The American Cancer Society (ACS) in partnership with Canary Foundation has a postdoctoral fellowship program focused on studies towards development of strategies for the early detection of cancer. This program is crucial to ensuring that both the best and brightest researchers are drawn to early detection research and that institutions conducting early detection research will have the talented personnel they need.
ACS is dedicated to eliminating cancer as a major health problem by preventing cancer, saving lives, and diminishing suffering from cancer, through research, education, advocacy and service.

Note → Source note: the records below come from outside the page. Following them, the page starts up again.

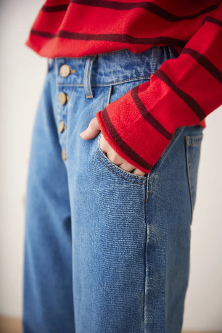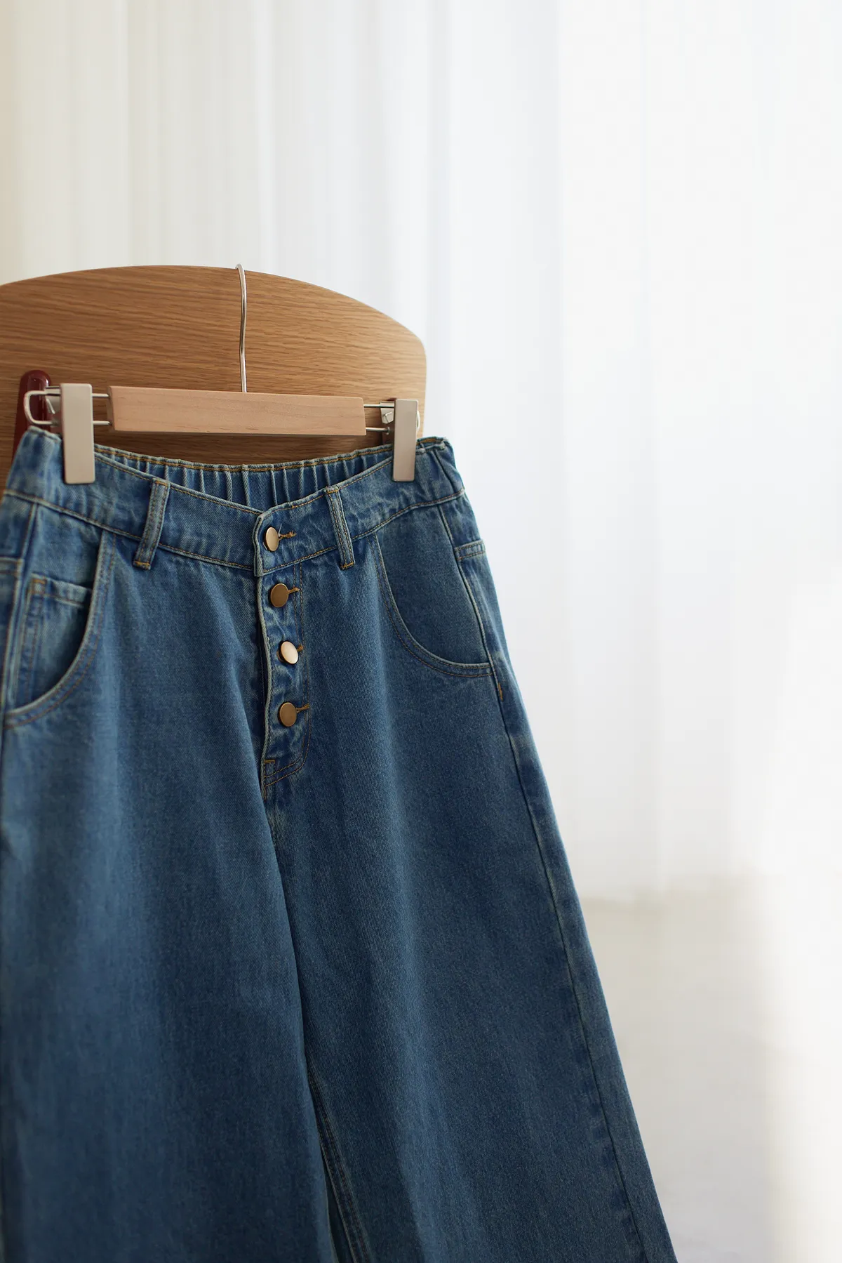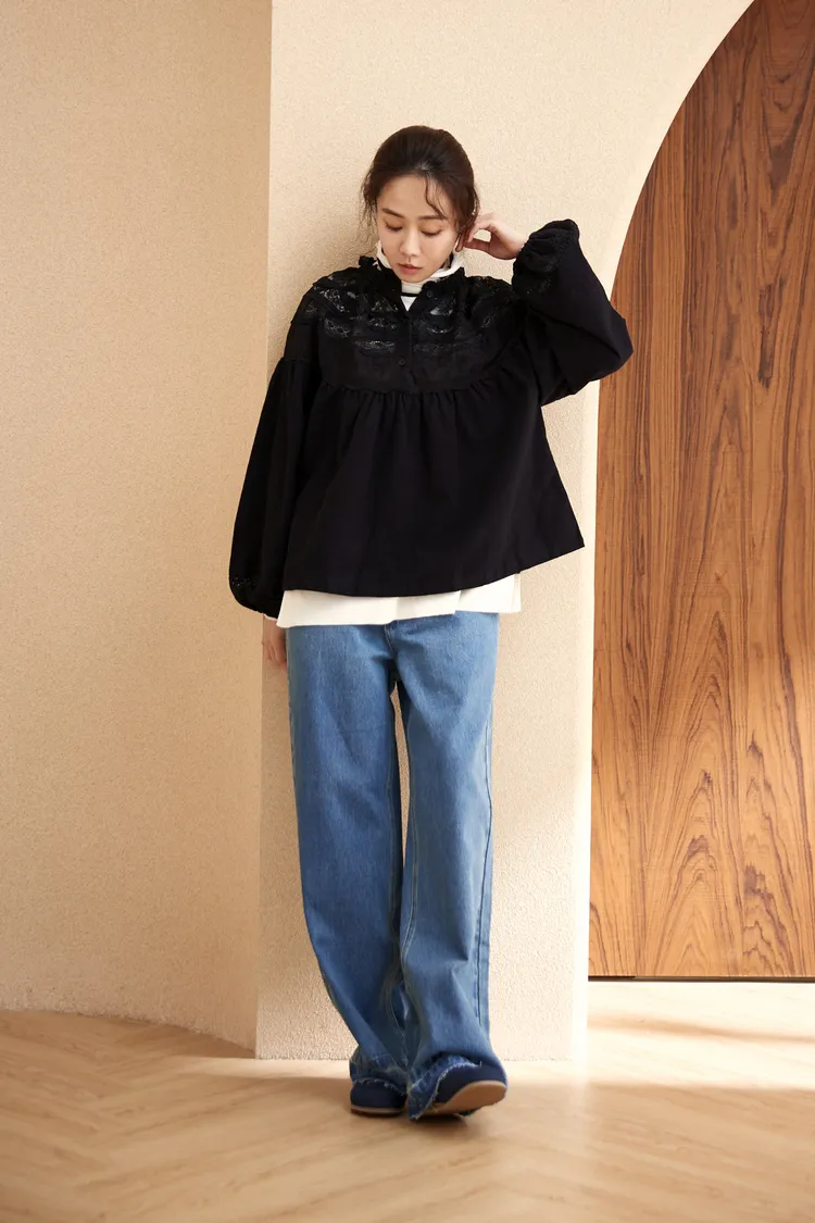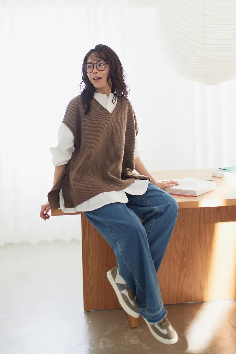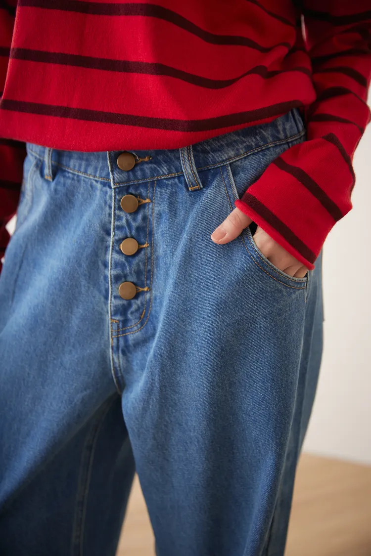 以牛仔襯衫夾克與直筒牛仔褲混搭,俐落褲款剪裁為臀部和大腿瞬間顯瘦,使整體看起來既不隨便還可呈現率性個性。腰圍友善,背後半圈鬆緊帶設計,牛仔水洗色是採用二手水洗工法,刻意營造出古董褲的色澤,非常好看!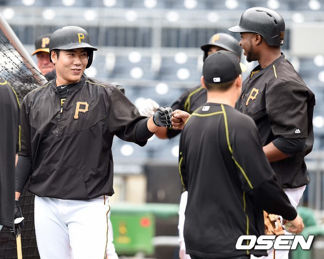 6일(한국시간) 미국 펜실베니아주 PNC파크에서 열리는 '2015 메이저리그' 피츠버그 파이어리츠와 신시내티 레즈와의 경기를 앞두고, 강정호가 타격 훈련 중 동료들과 대화를 나누고 있다.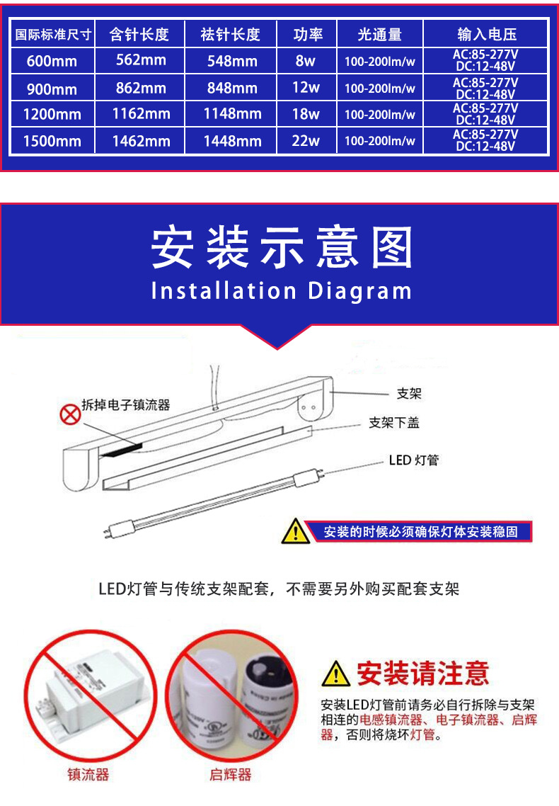 高光効率T8LEDランプ高輝度不動産車庫商超工場省エネ改造EMC契約エネルギー管理

Its activities include providing grants to researchers, running public health advertising campaigns, and organizing projects.
The Public Library of Science (PLoS) has teamed up with Canary Foundation to create an online hub to aggregate information on early detection of cancer called The Canary Journal.

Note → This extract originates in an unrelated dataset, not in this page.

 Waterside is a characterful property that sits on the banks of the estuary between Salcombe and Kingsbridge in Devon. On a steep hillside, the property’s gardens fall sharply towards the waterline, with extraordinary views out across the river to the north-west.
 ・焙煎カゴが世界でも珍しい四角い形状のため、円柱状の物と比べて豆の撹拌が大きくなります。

PLoS is a nonprofit organization of scientists and physicians committed to making the world's scientific and medical literature a freely available public resource.
PLoS goals are to:
- Open the doors to the world's library of scientific knowledge by giving any scientist, physician, patient, or student - anywhere in the world - unlimited access to the latest scientific research.
- Facilitate research, informed medical practice, and education by making it possible to freely search the full text of every published article to locate specific ideas, methods, experimental results, and observations.
- Enable scientists, librarians, publishers, and entrepreneurs to develop innovative ways to explore and use the world's treasury of scientific ideas and discoveries.
PLoS publishes scientific papers in six different subject-focused journals as well as in PLoS ONE an online, high-volume, swift, efficient, and economical system for the publication of peer-reviewed research in all areas of science and medicine, with innovative user tools for post-publication commenting, rating, and discussion.
The goal of the International Cancer Biomarker Consortium (ICBC) is to advance medical research and improve patient outcomes by discovering biomarkers (indicators) for multiple types of cancer. The consortium is focusing on biomarkers for the assessment of disease risk, early detection of disease, therapeutic prognosis, and response to treatment as well as disease recurrence. Canary sponsors the annual ICBC symposium attended by scientists from around the world.
Through a large-scale effort similar to the Human Genome Project, the consortium aims to make significant progress in the discovery of biomarkers by facilitating highly coordinated research and by leveraging resources and expertise from around the world to overcome the current obstacles in biomarker research. Each international team will choose a cancer site(s) for study, function independently, and secure its own funding. At the same time, the ICBC will provide a structure for international teams to work together on global issues such as adoption of data standards and the sharing data as well as on scientific details such as the logistics of tissue sample sharing and investigation of mouse models of cancer. The Fred Hutchinson Cancer Research Center will coordinate the research endeavor by providing bioinformatics resources including software and tools for data management including storage, organization, analysis, and sharing.
Under the leadership of Dr. Lee Hartwell, President and Director of Fred Hutchinson Cancer Research Center, the ICBC is pioneering a new model for biomarker discovery and developing technologies and methodologies to make it possible. The Consortium has a Steering Committee that includes prominent leaders in proteomics.